Auch wenn nach alledem Einzelfallkonstellationen theoretisch denkbar erscheinen, in denen einem Hilfebedürftigen auch unter Ausnutzung sämtlicher gesetzlicher Ansprüche kein menschenwürdiges Dasein mehr möglich ist, so ist im vorliegenden Fall doch weder dargetan noch ersichtlich, dass der Kläger seinen allernotwendigsten Lebensunterhalt nicht auch mit der Regelleistung decken kann. Er hat auch auf mehrfache Nachfrage nicht plausibel dargelegt, inwiefern er sich beispielsweise nicht mehr hinreichend mit Vitaminen, Eiweiß und anderen dringend erforderlichen (und somit im dargelegten Sinne persönlichkeitsessentiellen) Nährstoffen versorgen kann. Auch sein Verweis auf die Forschungsergebnisse der Bundesforschungsanstalt für Ernährung und Lebensmittel geht fehl, denn diese hat gerade nicht erforscht, welcher Mindestbetrag für eine hinreichende Ernährung zwingend erforderlich ist. Sie hat vielmehr die tatsächlich getätigten Ausgaben ermittelt, die über diesen Grundbedarf erheblich hinausgehen können. Die vom Kläger vorgelegte Aufstellung seiner tatsächlichen Ausgaben für Ernährung enthält unterschiedliche Posten, die keine Nahrungsmittel sind und lässt nicht erkennen, ob er tatsächlich zwingend auf die erworbenen Einzelprodukte angewiesen ist.

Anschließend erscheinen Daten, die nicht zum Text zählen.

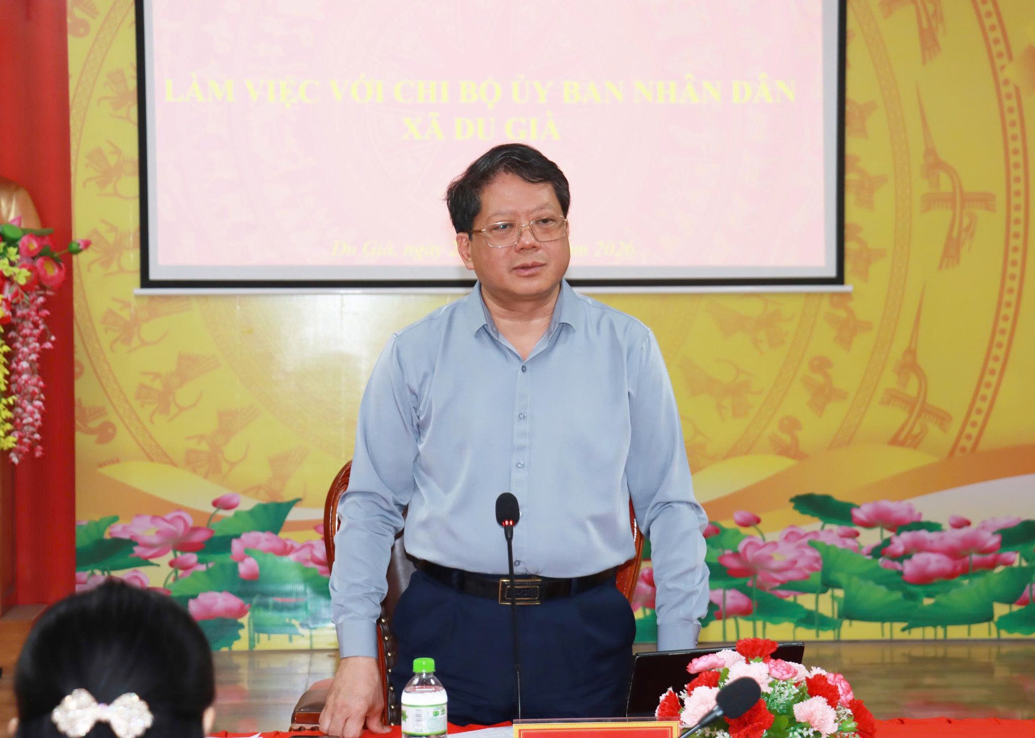 Tại buổi làm việc, Chi bộ UBND xã Du Già đã báo cáo kết quả lãnh đạo, chỉ đạo thực hiện nhiệm vụ chính trị, tập trung vào việc quán triệt, triển khai các nghị quyết của Đảng, nhất là Nghị quyết Đại hội XIV của Đảng và Nghị quyết Đại hội Đảng bộ tỉnh nhiệm kỳ 2025 – 2030. Việc học tập, quán triệt được tổ chức nghiêm túc, linh hoạt, đảm bảo cán bộ, đảng viên tham gia đầy đủ, từng bước đưa nghị quyết vào cuộc sống. Công tác lãnh đạo thực hiện nhiệm vụ chính trị được triển khai đồng bộ, trong đó nổi bật là việc tổ chức thành công cuộc bầu cử đại biểu Quốc hội khóa XVI và đại biểu HĐND các cấp nhiệm kỳ 2026 – 2031 đảm bảo đúng quy trình, quy định, phát huy dân chủ với tỷ lệ cử tri tham gia đạt 100%. Sau khi thực hiện mô hình chính quyền địa phương 2 cấp, chi bộ UBND xã Du Già đã nhanh chóng ổn định tổ chức, ban hành quy chế làm việc, phân công nhiệm vụ cụ thể; phát huy vai trò hạt nhân chính trị trong lãnh đạo, chỉ đạo hoạt động của cơ quan, đơn vị. Bộ máy chính quyền vận hành cơ bản thông suốt, hiệu quả; công tác cải cách hành chính, giải quyết thủ tục cho người dân được duy trì ổn định, không để gián đoạn. Đồng thời, chú trọng công tác giáo dục chính trị, tư tưởng; kịp thời nắm bắt tâm tư, nguyện vọng của cán bộ, đảng viên, tạo sự đồng thuận trong quá trình sắp xếp tổ chức bộ máy. Cùng với đó, chi bộ đã tập trung lãnh đạo thực hiện nhiệm vụ phát triển kinh tế - xã hội, đảm bảo quốc phòng - an ninh; quan tâm xây dựng Đảng, nâng cao chất lượng sinh hoạt chi bộ, phát huy vai trò nêu gương của cán bộ, đảng viên.

Das Recht auf Leben und körperliche Unversehrtheit, Art. 2 Abs. 2 Satz 1 GG, ist nicht verletzt, denn auch es beinhaltet keinen Anspruch auf eine bestimmte Versorgung durch den Staat, die über das allgemeine Maß öffentlicher Fürsorge hinaus geht (Hofmann, a.a.O., Art. 2, Rn. 16 m.w.N., vgl. auch die Darlegungen zur Menschenwürde). Im Übrigen trägt § 21 Abs. 5 SGB II diesem Grundrecht bereits hinreichend Rechnung.

Auch eine verfassungsrechtlich ungerechtfertigte Ungleichbehandlung und somit ein Verstoß gegen den allgemeinen Gleichheitsgrundsatz, Art. 3 Abs. 1 GG, liegt nicht vor. Der Kläger hat zunächst nicht näher begründet, worin ein Verstoß gegen Art. 3 Abs. 1 GG liegen soll. Entsprechende Anhaltspunkte ergeben sich nur aus seinem Vortrag, der Gesetzgeber sei von der (vom Kläger bisweilen unzutreffend als "Sozialbezugsverordnung" bezeichneten) Verordnung über den Wert der Sachbezüge in der Sozialversicherung (Sachbezugsverordnung, SachBezV) abgewichen. Der Verweis auf die Sachbezugsverordnung geht jedoch fehl, denn sie regelt nicht die Höhe von Sozialleistungen, sondern die Behandlung von Sachbezügen im Beitragsrecht. Sie hat keinerlei Auswirkungen auf das Sozialleistungsrecht und gilt entgegen der Auffassung des Klägers nicht etwa "für das gesamte Sozialrecht". Das Beitragsrecht darf (schon aus Gründen der Verwaltungsvereinfachung) der Wert zugrundezulegen, der für Ernährung durchschnittlich tatsächlich aufgewandt wird. Dies sagt indes nichts über den durchschnittlich notwendigen Bedarf für Ernährung aus, denn das Beitragsrecht hat gerade auch solche Ausgaben für Ernährung zu berücksichtigen, die nicht von § 20 Abs. 2 SGB II gedeckt wären.

Die Kostenentscheidung beruht auf § 193 SGG.